Hulk Hogan's write off from TNA television was downright laughable in the way it made the company look. It's no surprise, then, to learn who was behind it.

Ronald Martinez

When word got around that Hulk Hogan's TNA contract was expiring on Oct. 1, there was obvious curiosity on how exactly the company would deal with his departure. After all, Impact, the promotion's flagship program on Spike TV every Thursday night, had become his vanity project at one point not long ago and he was acting babyface General Manager.

So how was he written out of storylines? (WARNING: SPOILERS BEYOND THIS POINT)

He was given a choice by newly turned heel owner Dixie Carter to support her or hit the road. He chooses the latter, but not before Dixie grabs him by the leg and literally begs for him to stay. Hogan ultimately leaves and never puts anyone over, instead leaving the lasting image of himself with the company that he is, once again, above everyone else.

If you're wondering how such a thing could happen, the Wrestling Observer (subscription required) reveals that buzz term from many moons ago that still rears its ugly head today: "creative control."

On the second show, Hogan quit, with Dixie Carter grabbing him by the ankles and begging him to stay.
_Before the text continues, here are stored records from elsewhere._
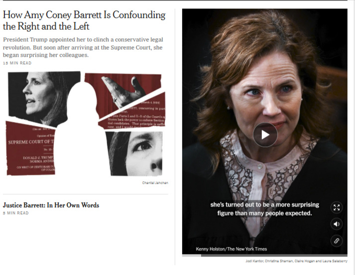 Now Mr. Trump is attacking the judiciary and testing the Constitution, and Justice Barrett, appointed to clinch a 50-year conservative legal revolution, is showing signs of leftward drift.
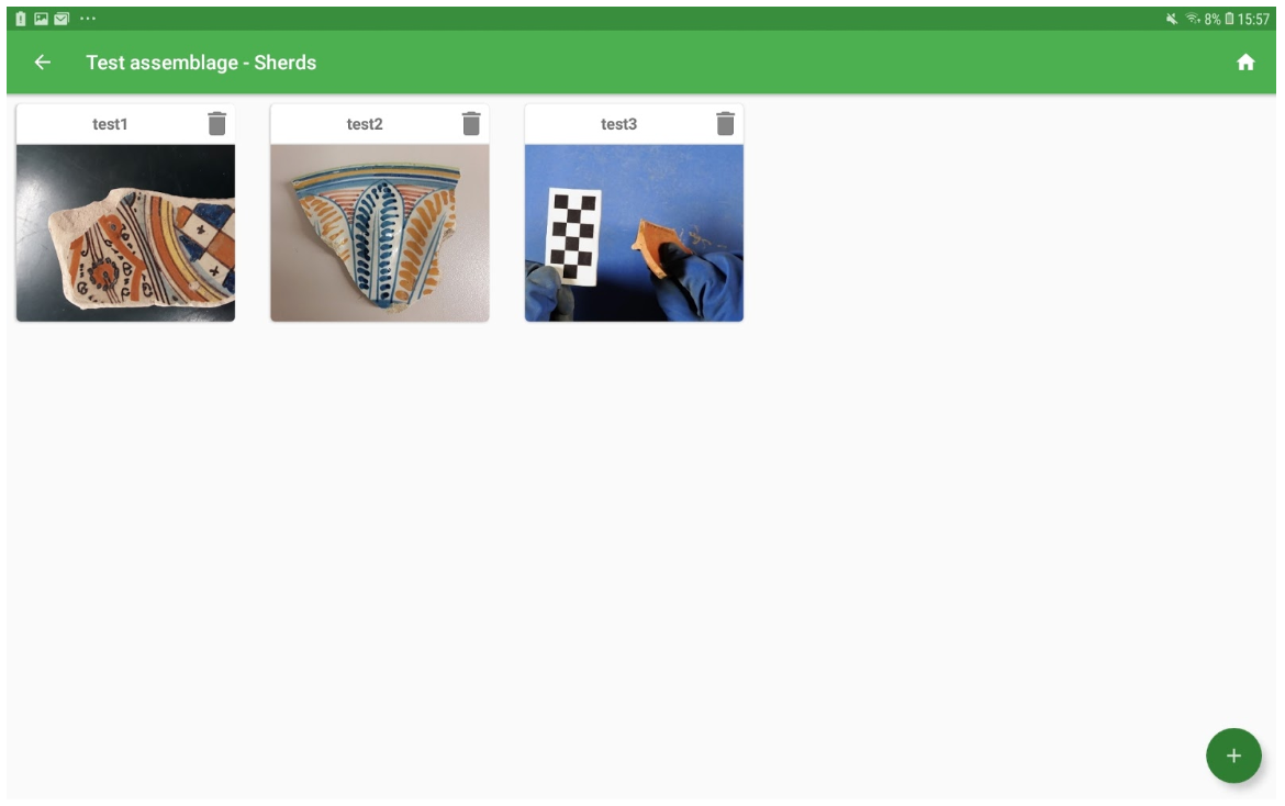 The collection of sherds composing an assemblage are presented as a grid showing the featured image of the sherd (the first added) and providing buttons to access the sherd details or remove the sherd (garbage basket). A new sherd may be added directly using the “+” button on the right bottom corner of the window.
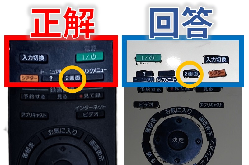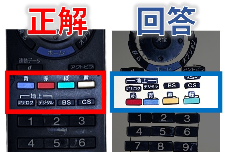 このパートは悲惨。組み合わせは合ってるけど上下が逆だし、四色ボタンの位置を全部外してて逆にすごい。「決定」ボタンとの位置関係を冷静に吟味したら、四色ボタンが上、まではイケたかもなあ
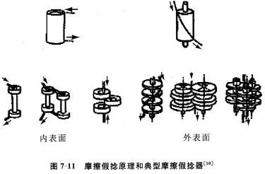 圖7—11所示為摩擦加捻原理和典型的摩擦假捻器。紗線穿過摩擦管的內表面或摩擦盤的外表面,通常為一組摩擦管或摩擦盤。摩擦管的內徑或摩擦盤的外徑比紗線直徑大得多,這意味著摩擦管或摩擦盤每轉一周可在紗線上形成若干個捻回(忽略紗線打滑)。因此,紗線能以較高的線速度喂入,而摩擦假捻器的回轉速度可相對較低。大多數情況下,紗線在張力作用下緊靠摩擦假捻器的摩擦面,由摩擦面的轉動在紗線上產生扭矩,因此形成捻度。但是,摩擦加捻的一個最大缺點是在加捻過程中會產生大量打滑,加捻效率只有50%左右。紗線與摩擦面之間打滑,會影響紗線捻度和加工張力。因此,與轉子式假捻器相比,摩擦假捻加工的變形紗卷曲不均勻。但是,由于摩擦假捻的加工速度高,因此,現在全世界使用最廣泛的是摩擦假捻裝置。
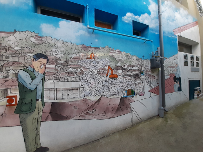 마을이 사라지면서 뿔뿔이 흩어졌던 동네 이웃들 그리고 그들만의 추억이 벽에 그려진 그림 한 점을 보니 그대로 느껴지는 듯합니다.
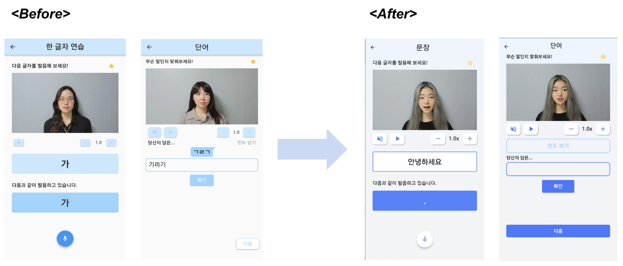 2. 사용자의 앱 사용성의 측면에서 구화 학습 탭과 말하기 학습 탭을 합쳐 연습 페이지에 들어가기 까지 필요한 탭의 횟수를 줄이는 것이 좋을지 혹은 다른 방식을 사용하는 것이 좋을지
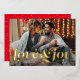 Spread the message of love and joy with this one-photo holiday card. With bold modern type in gold foil at the bottom of the frame, this design is perfect for family photos, engagement photos, wedding announcements and more this Christmas season. The back is a festive dotted red.
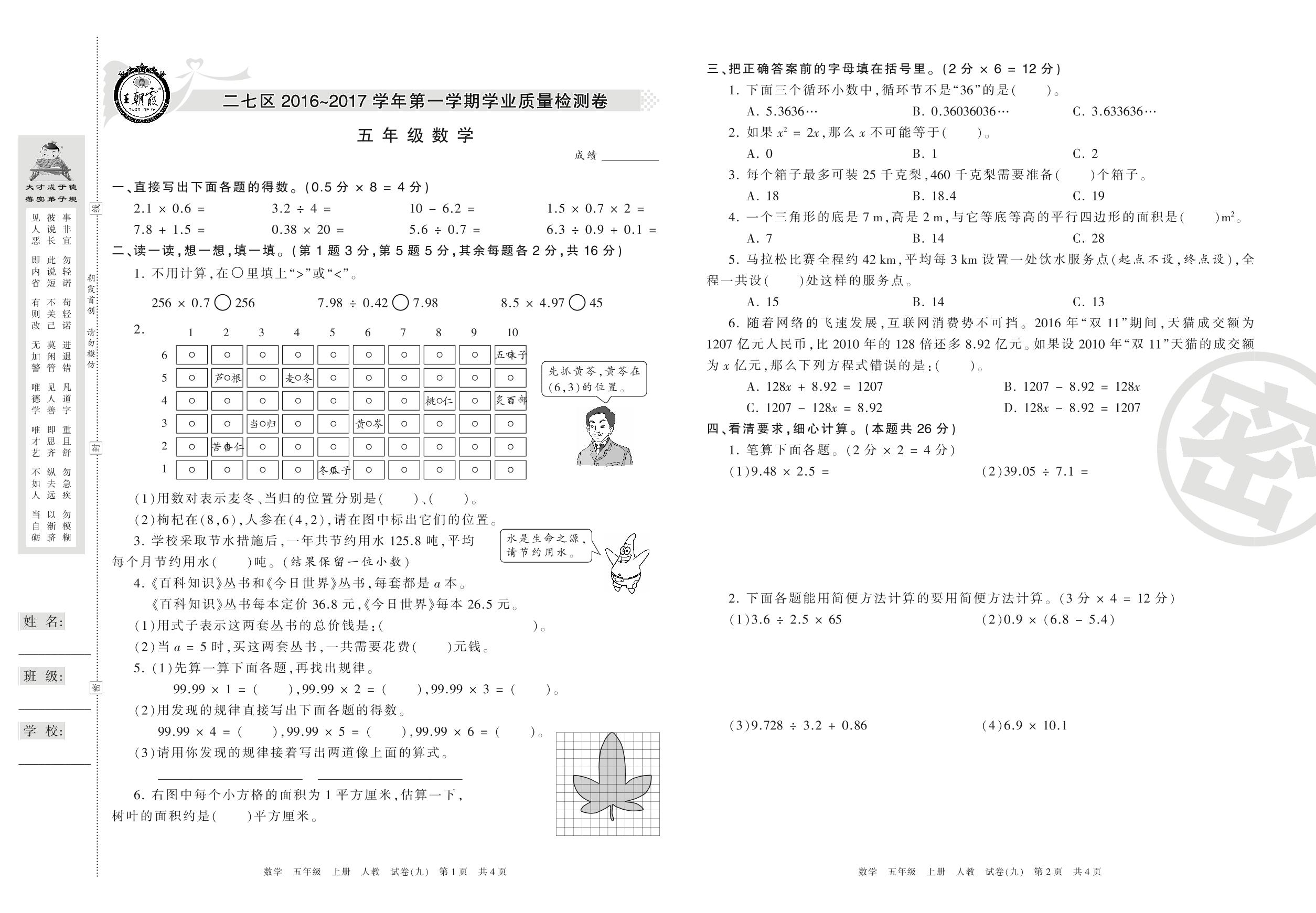 2016-2017学年第一学期郑州市郑汴专版二七区五年级数学试卷(人教版)【9】
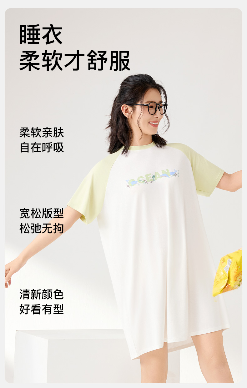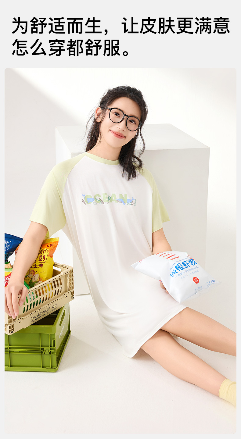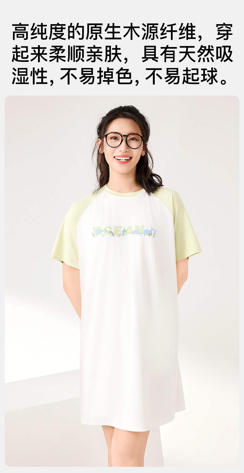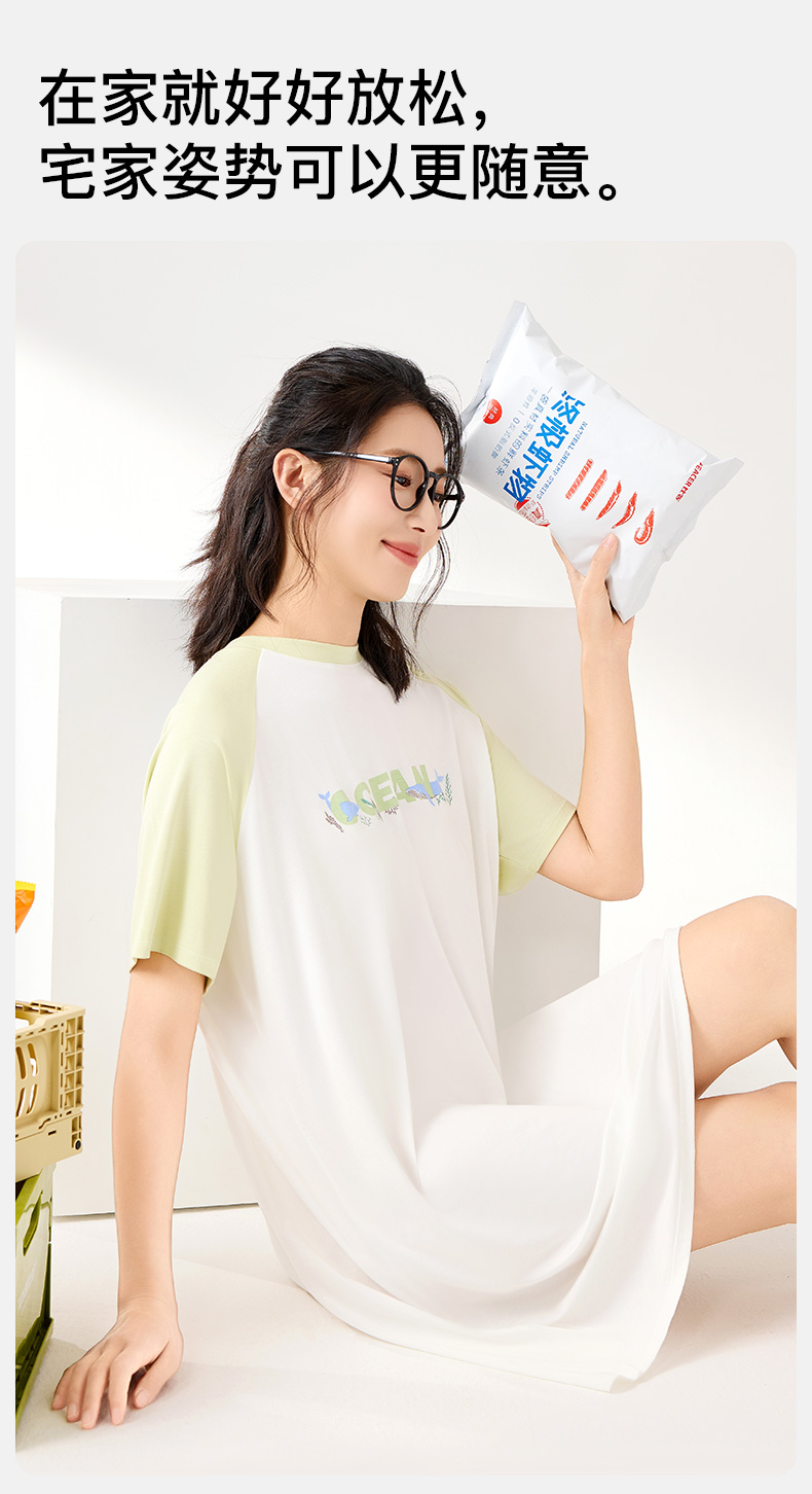 【优可丝系列】爱帝女士睡裙短袖夏季薄款冰丝连衣裙
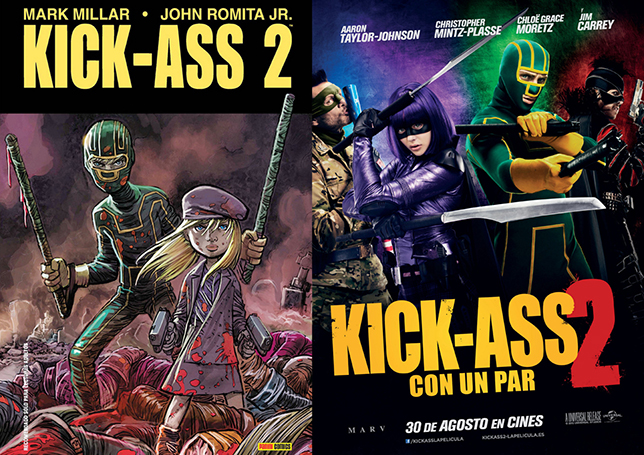 Lo que el Kick Ass 2 nos propone es una versión desproporcionadamente descafeinada de su homónimo en cómic, tomando como base los dos capítulos posteriores: Hit girl y Kick Ass 2, aderezado con escenas de chavales de instituto, romances y situaciones que jamás se dan en la obra de viñetas, algo que no es necesariamente malo, salvo porque las escenas y cambios introducidos banalizan la trama central en vez de reforzarla.
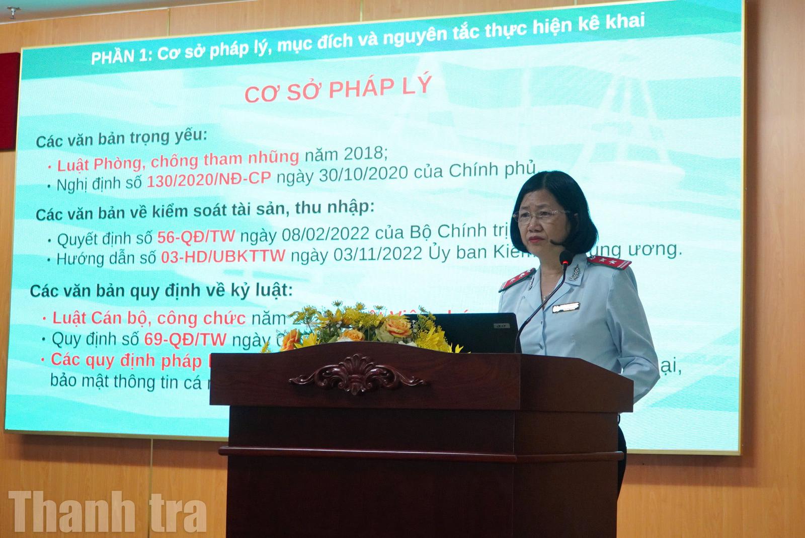 Bà Nguyễn Thị Kim Hằng, Trưởng phòng Thanh tra phòng, chống tham nhũng, lãng phí, tiêu cực giới thiệu các quy định pháp luật liên quan đến công tác kê khai tài sản, thu nhập. Ảnh: Nhật Huyền
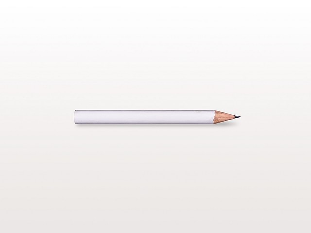 Der runde, weisse Kurzbleistift mit einer Minenhärte HB ist mit einem feinen Schutzlack überzogen. Beliebt an Golfplätzen und ist personalisierbar.
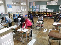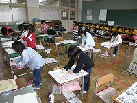 3~6年生の作品の名前は、毎年担任が書くことになっています。担任にとっては、冷や汗のでる時間です。それでは、奮闘振りをご覧ください。
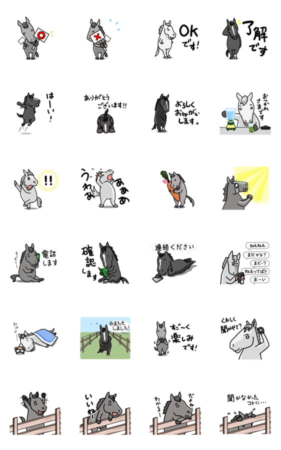 黒・グレー・白の芦毛のお馬さんが動くスタンプ
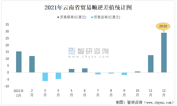 2021年云南省貿易順逆差值統計圖
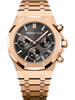 Black dial with “Grande Tapisserie” pattern, black counters, pink gold applied hour-markers and Royal Oak hands with luminescent coating. |
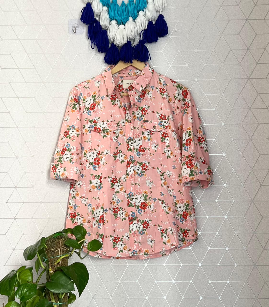 Summer Floral Cotton Shirt with Double Pockets

When questions were asked, and they were, about how absolutely stupid it was for the owner to act like she didn't care about Styles, who headlines Bound for Glory, but did about Hogan, it was said that Hogan's contract included creative control of everything he was involved with. This was the only exit he would do, where he left on his own, without endorsing anyone, putting anyone over, nor them even ridiculing or burying him on the way out.

It should be noted that Hogan and Eric Bischoff's m.o. these days is to do sometimes do fake firings, and leavings (Matt Morgan), and they are more likely to do that now than ever before. It used to be that the goal was to make money. But now, when it seems like that's impossible, the goal is to fool their critics so they can get satisfaction in the form of intellectual superiority. Those in the company were given the indication it was Hogan's farewell, so if it is an angle, they are working most of the company.

It makes sense for Hogan to go out on the highest note possible if one is only thinking about Hogan. But it makes TNA look just as second rate as they actually are. Even if "The Hulkster" decides to stay and doesn't get a better deal somewhere else, no one is coming out of this looking any better.

Because, once again, it's still all about Hulk Hogan while the AJ Styles' and Austin Aries' and Bobby Roode's of the world are hanging in the shadows.

The more things change and all that.